My sister smiled. I know her; she was probably terrified to see that ticket, and also she really wanted to return to the diamond loops. She probably wasn’t even that curious about the new job yet. She was and is stubbornly, mind-numbingly, interested in the present moment.

When we were kids, I used to come home and she’d be at the living room window. It was the best window in the apartment, looking out, in the far distance, on the tip of a mountain. For years, I tried to get her to play with me, but she was unplayable. She stared out that window, never moving, for hours. By night, when she’d returned, I’d usually injured myself in some way or other, and I’d ask her about it while she tended to me; she said the reason she could pay acute attention now was because of the window. It empties me out, she said, which scared me. No, she said to my frightened face, as she sat on the edge of my bed and ran a washcloth over my forehead. It’s good, she said. It makes room for other things.

Me? I asked, with hope, and she nodded. You.

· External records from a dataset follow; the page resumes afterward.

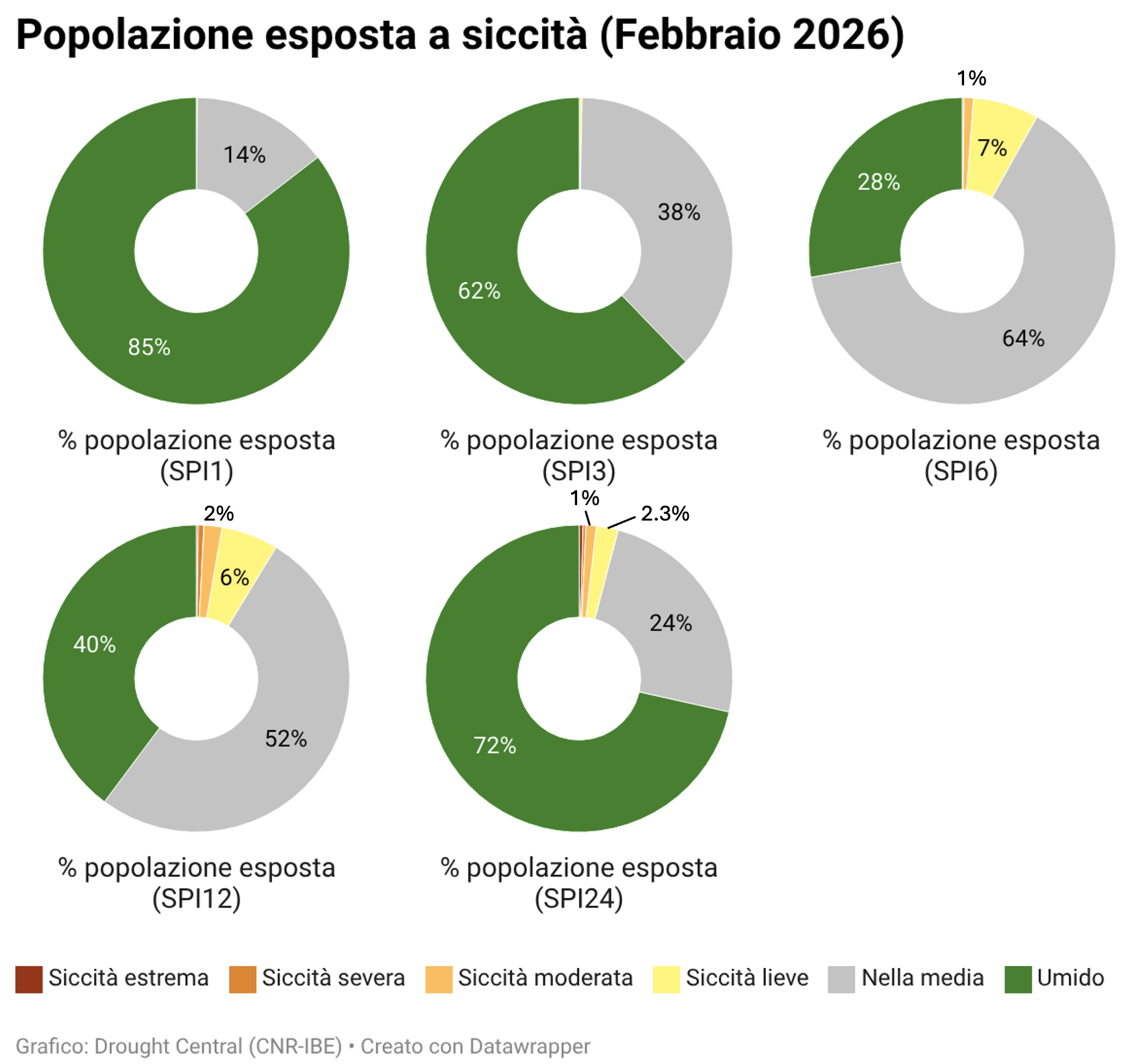 • Percentuale di popolazione esposta a siccità: nettamente ridotta la fetta di popolazione che si trova in condizioni secche e contenute per lo più fra intensità lieve e moderata.
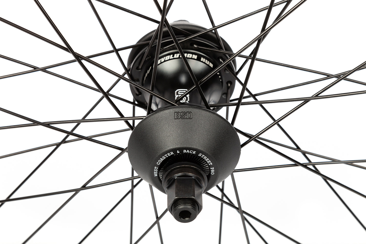 BSD'S latest complete rear freecoaster wheel built around the new lightweight Revolution freecoaster hub and BSD XLT rim, using BSD spokes and rimtape.
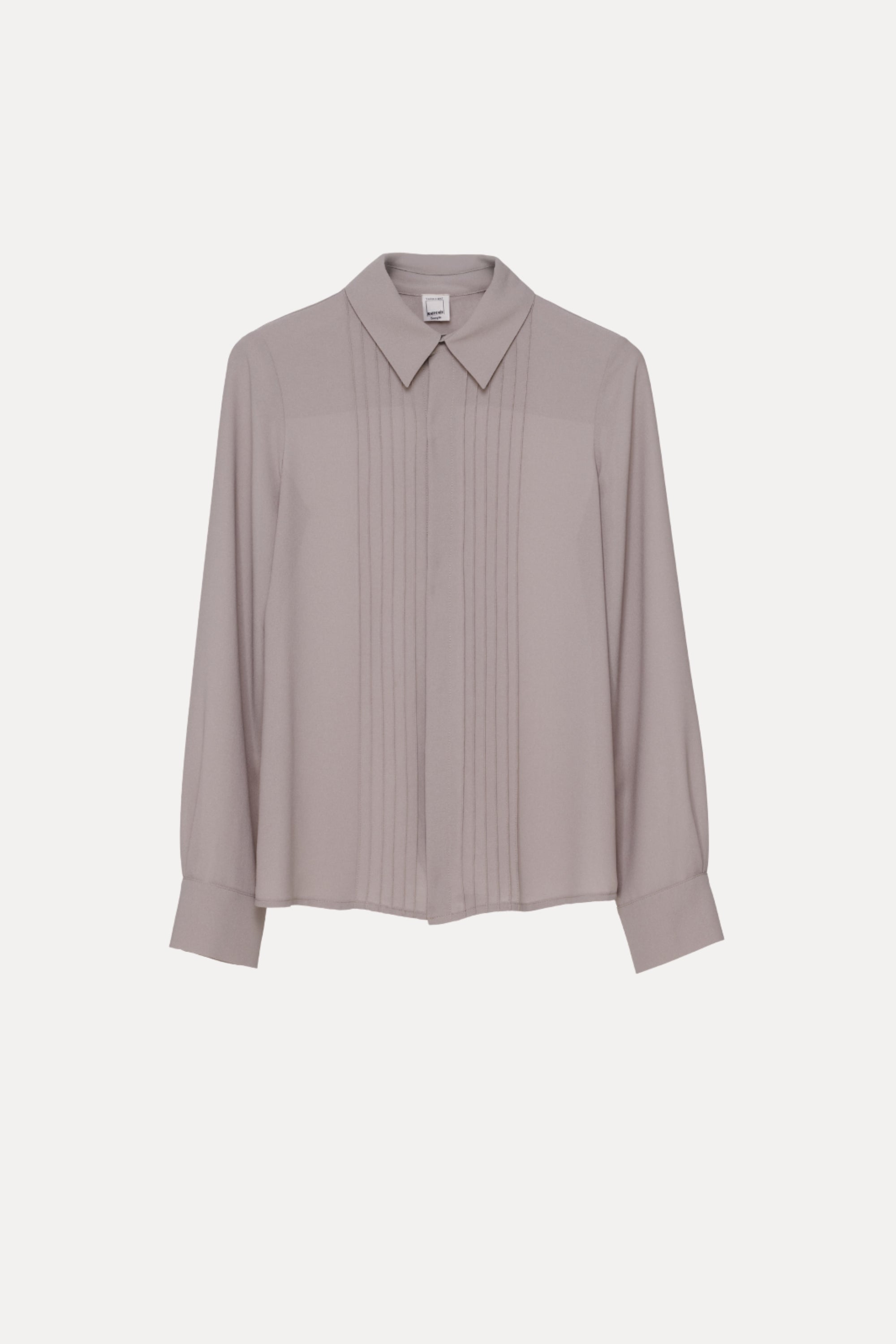 This long-sleeved blouse offers timeless elegance with its clean lines and pleated front detail. The classic collar and structured cuffs make it a versatile choice for a polished and sophisticated look.

We had no parents by that point. One had left, and the other died at the hands of a surgeon, which is the real reason my sister stopped medical school.

That night, she called me up and told me to quit my job, which was what I’d been praying for for months—that somehow I’d get a magical phone call telling me to quit my job because I was going on an exciting vacation. I threw down my BK apron, packed, and prepared as long an account of my life complaints as I could. On the plane, I asked my sister what we were doing, what her job was, but she refolded her tray table and said nothing. Asia, I said. What country? She stared out the porthole. It was the pilot who told us, as we buckled our seat belts: we were heading to Kuala Lumpur, straight into the heart of Malaysia.

Wait, where’s Malaysia again? I whispered, and my sister drew a map on the napkin beneath her ginger ale.

During the flight, I drank Bloody Marys while my sister embroidered a doily. Even the other passengers seemed soothed by watching her work. I whispered all my problems into her ear, and she returned them to me in slow sentences that did the work of a lullaby. My eyes grew heavy. During the descent, she gave the doily to the man across the aisle, worried about his ailing son, and the needlework was so elegant it made him feel better just to hold it. That’s the thing with handmade items. They still have the person’s mark on them, and when you hold them, you feel less alone. This is why everyone who eats a Whopper leaves a little more depressed than they were when they came in.